Es stimmt, gegen die Wahl von Christoph Hein hat es massive und unsachliche Polemiken gegeben, vor allem in überregionalen Zeitungen aus dem fernen Westen. Da war von einer Wahl die Rede, die ihre Begründung allein in Heins Ostbiographie finde. Gegen den Schriftsteller Christoph Hein wurde eingewandt, daß dessen praktische Theaterarbeit als Dramaturg von Benno Besson bereits zwanzig Jahre zurückliege. Und daß er sich als Dramatiker einem eher konventionellen Realismus verschrieben hat, der seine Stücke nach der Wende, als sie nicht mehr von einer Reibung mit der bösen gesellschaftlichen Wirklichkeit profitieren konnten, wenig erfolgreich sein ließ. Und da der 60jährige Christoph Hein nun auch nicht gerade für einen Jungintendanten gelten konnte, machte sich das Rätselraten um die Gründe für Senator Fliers Wahl in einem bösen Ost-West-Kulturkampf Luft. Was nicht Hein, sondern allein Senator Flierl mit seinem ungeschickten Vorgehen zu verantworten hatte. Doch die Hatz der Feuilletons hat für Christoph Hein, der das Theater nicht als ostdeutsches oder als westdeutsches, sondern als deutsches Theater leiten wollte, schlimme Folgen.

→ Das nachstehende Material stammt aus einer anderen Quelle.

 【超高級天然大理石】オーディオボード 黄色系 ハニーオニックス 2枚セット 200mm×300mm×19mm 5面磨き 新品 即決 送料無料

Christoph Heins Entscheidung, in dieser Situation erst gar nicht anzutreten, ist so nobel wie sympathisch naiv. Mit seiner intellektuellen Redlichkeit und seiner moralischen Dünnhäutigkeit bestätigt er dabei die Warner, die dem Schriftsteller nicht die praktische Härte für das Intendantengeschäft zugetraut hatten.
Während sich Thomas Flierl weiterhin als unbeschädigter und erfolgreicher Macher sieht. Gegen einen offenen Brief aus dem Ensemble, der ihm vorwirft, statt künstlerischer Vielfalt eine Einheitlichkeit etablieren zu wollen, wendet er sich mit durchaus neuem Differenzierungsvermögen.

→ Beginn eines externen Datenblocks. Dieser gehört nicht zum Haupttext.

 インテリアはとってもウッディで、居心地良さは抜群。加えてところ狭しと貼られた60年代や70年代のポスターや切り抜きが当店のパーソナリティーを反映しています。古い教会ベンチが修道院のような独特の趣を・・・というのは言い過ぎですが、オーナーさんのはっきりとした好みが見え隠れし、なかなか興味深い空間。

Die verfahrene Situation will Thomas Flierl erstmals nicht im Alleingang, sondern mit Hilfe einer Findungskommission lösen. Hortensia Völckers von der Kulturstiftung des Bundes, Ulrich Khuon, Intendant des Hamburger Thalia Theaters und der Leipziger Intendant Wolfgang Engel sollen sich auf die schwierige Suche nach einem neuen Intendanten machen: Senator Flierl.